WHAT THE TASK ASKS -> For every record that follows, write out the text exactly and omit the picture, if one is present.

** Opening GIVEN DATA block **

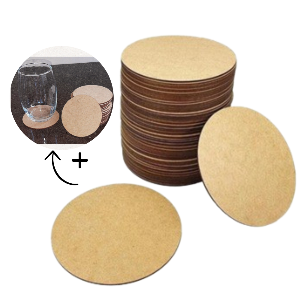 Kit 10 Sousplat Para Mesa Posta Jogo Americano 30cm - Mdf 3mm - bolacha + Kit 12 Porta Copos cru
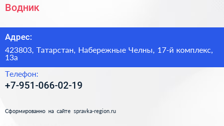 Водник по адресу 423803, Татарстан, Набережные Челны, 17-й комплекс, 13а в дальнейшем Организация, размещена в следующих категориях:
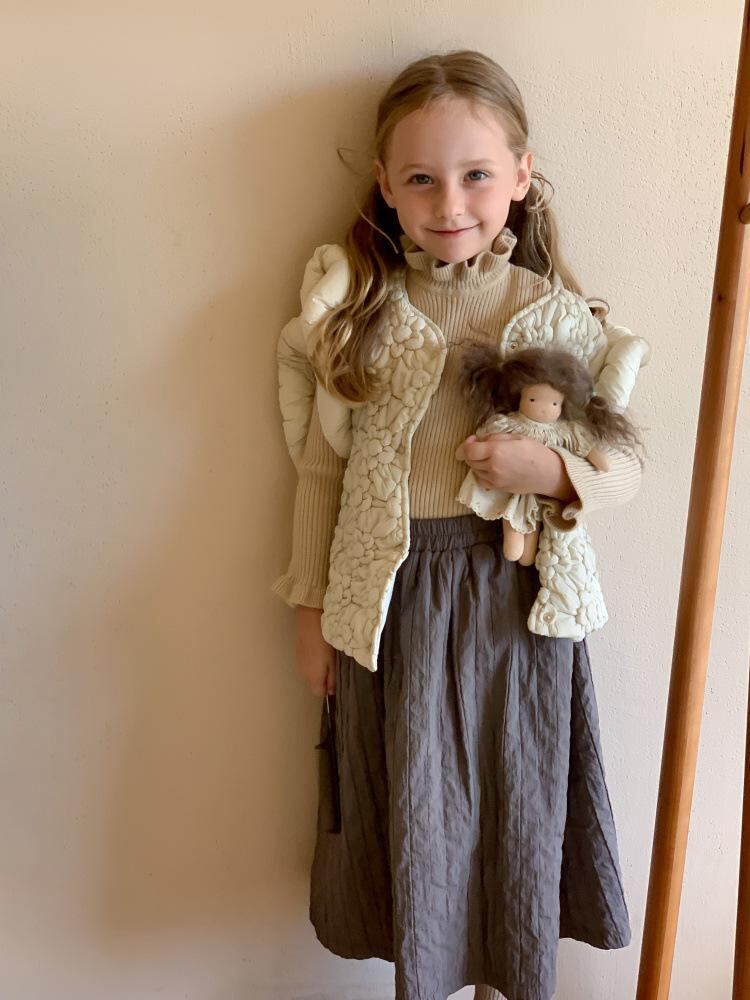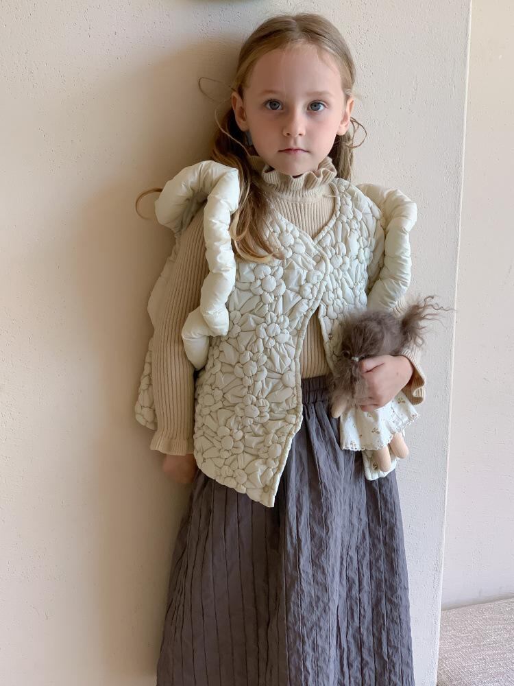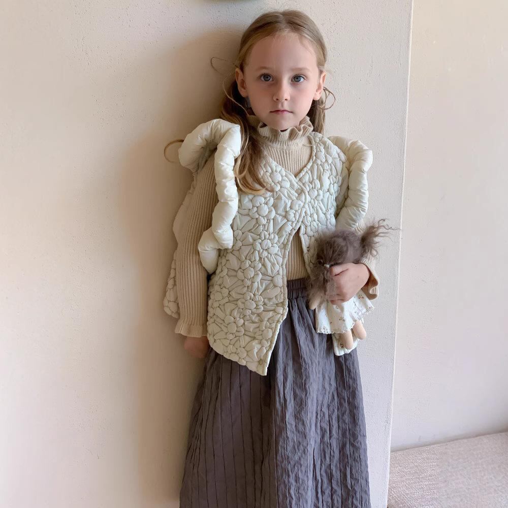 子供用ベスト 秋冬 女の子 中綿入り 厚手 ベビー ノースリーブ トップス アウター 米白 90 100 110 120 130cm かわいい 韓国風 ポリエステル
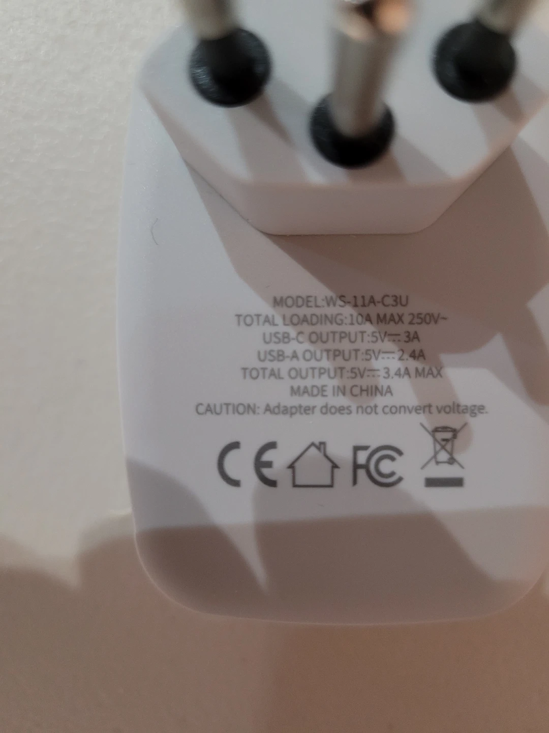 20Selling a VINTAR Switzerland travel plug adapter. It's white and gray, and comes in its original box. Model number is WS-11A-C3U. It has a 10A Max/2 Socket + USB-A 3+ USB-C.
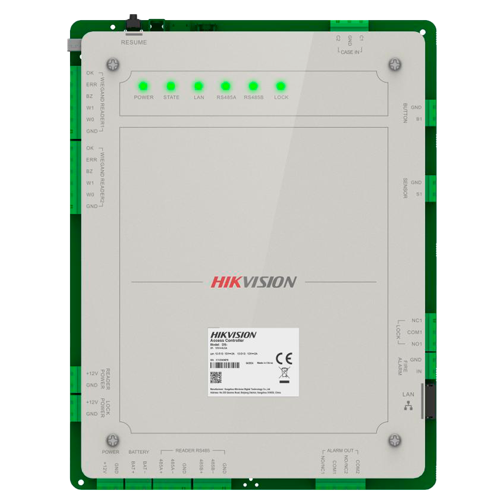 Controladora de acceso Multi-identificación – Facial, huella, tarjeta, QR o PIN – 1 puerta | Comunicación TCP/IP – 2 lectores por Wiegand | 2 lectores por OSDP – Sin caja – iVMS-4200 | Hik-Connect
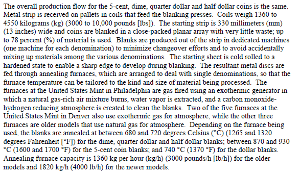 some excerpts from the alternative metals document ... · The Philadelphia and Denver facilities frequently have different production experiences with the same coin design. · Currently, all coin designs are modeled and digitized, or produced digitally. · Master dies are prepared on digitally controlled milling machines at the Philadelphia facility. · After heat treatment the master dies are used to impress an inverse of the design into another piece of heated die steel, the hub. · After additional heat treatment, the hub is pressed into another steel piece to produce a working die that will be used in a coining press. · Master dies are distributed to the Denver facility, which produces its own working hubs and dies. · Despite using the same masters, the crown heights of dies and design heights of relief produced at the two facilities differ, · 138 which has a measureable effect on coin fill. Further research into the reasons for this difference and its impact on die life, coin quality and production costs is warranted. · Consistently high one-cent coin die failure rates significantly affect overall production costs. · Average die life in 2009 reached a low of approximately 300k strikes at both the Philadelphia and Denver facilities. · Since one press produces roughly 300k coins in one 8-hour shift, this failure rate reduced production efficiencies and costs from historical trends. · Note that one-cent coin die life from 2000 to 2008 averaged 1 million (M) hits, but that has fallen to under 500k from 2009 through 2011. · In the Philadelphia facility there are seven presses in one production cell for one-cent coins, and a single operator manages six or more presses at one time. · Desired production rates rely on any six of the presses being in operation at any given time. Therefore, if one press is down for a die change or for some other reason, these production rates are not impacted. At the Denver facility, · however, the production rates rely on all presses to be operational at all times; therefore, an increase in the frequency of die changes can be more disruptive. An average die life of 600k or more strikes (1M strikes or more for one-cent dies) would be beneficial for both sites.

** Closing GIVEN DATA block **

RESPONSE FOR THIS EXERCISE ->
 Kit 10 Sousplat Para Mesa Posta Jogo Americano 30cm - Mdf 3mm - bolacha + Kit 12 Porta Copos cru
 Водник по адресу 423803, Татарстан, Набережные Челны, 17-й комплекс, 13а в дальнейшем Организация, размещена в следующих категориях:
 子供用ベスト 秋冬 女の子 中綿入り 厚手 ベビー ノースリーブ トップス アウター 米白 90 100 110 120 130cm かわいい 韓国風 ポリエステル
 20Selling a VINTAR Switzerland travel plug adapter. It's white and gray, and comes in its original box. Model number is WS-11A-C3U. It has a 10A Max/2 Socket + USB-A 3+ USB-C.
 Controladora de acceso Multi-identificación – Facial, huella, tarjeta, QR o PIN – 1 puerta | Comunicación TCP/IP – 2 lectores por Wiegand | 2 lectores por OSDP – Sin caja – iVMS-4200 | Hik-Connect
 some excerpts from the alternative metals document ... · The Philadelphia and Denver facilities frequently have different production experiences with the same coin design. · Currently, all coin designs are modeled and digitized, or produced digitally. · Master dies are prepared on digitally controlled milling machines at the Philadelphia facility. · After heat treatment the master dies are used to impress an inverse of the design into another piece of heated die steel, the hub. · After additional heat treatment, the hub is pressed into another steel piece to produce a working die that will be used in a coining press. · Master dies are distributed to the Denver facility, which produces its own working hubs and dies. · Despite using the same masters, the crown heights of dies and design heights of relief produced at the two facilities differ, · 138 which has a measureable effect on coin fill. Further research into the reasons for this difference and its impact on die life, coin quality and production costs is warranted. · Consistently high one-cent coin die failure rates significantly affect overall production costs. · Average die life in 2009 reached a low of approximately 300k strikes at both the Philadelphia and Denver facilities. · Since one press produces roughly 300k coins in one 8-hour shift, this failure rate reduced production efficiencies and costs from historical trends. · Note that one-cent coin die life from 2000 to 2008 averaged 1 million (M) hits, but that has fallen to under 500k from 2009 through 2011. · In the Philadelphia facility there are seven presses in one production cell for one-cent coins, and a single operator manages six or more presses at one time. · Desired production rates rely on any six of the presses being in operation at any given time. Therefore, if one press is down for a die change or for some other reason, these production rates are not impacted. At the Denver facility, · however, the production rates rely on all presses to be operational at all times; therefore, an increase in the frequency of die changes can be more disruptive. An average die life of 600k or more strikes (1M strikes or more for one-cent dies) would be beneficial for both sites.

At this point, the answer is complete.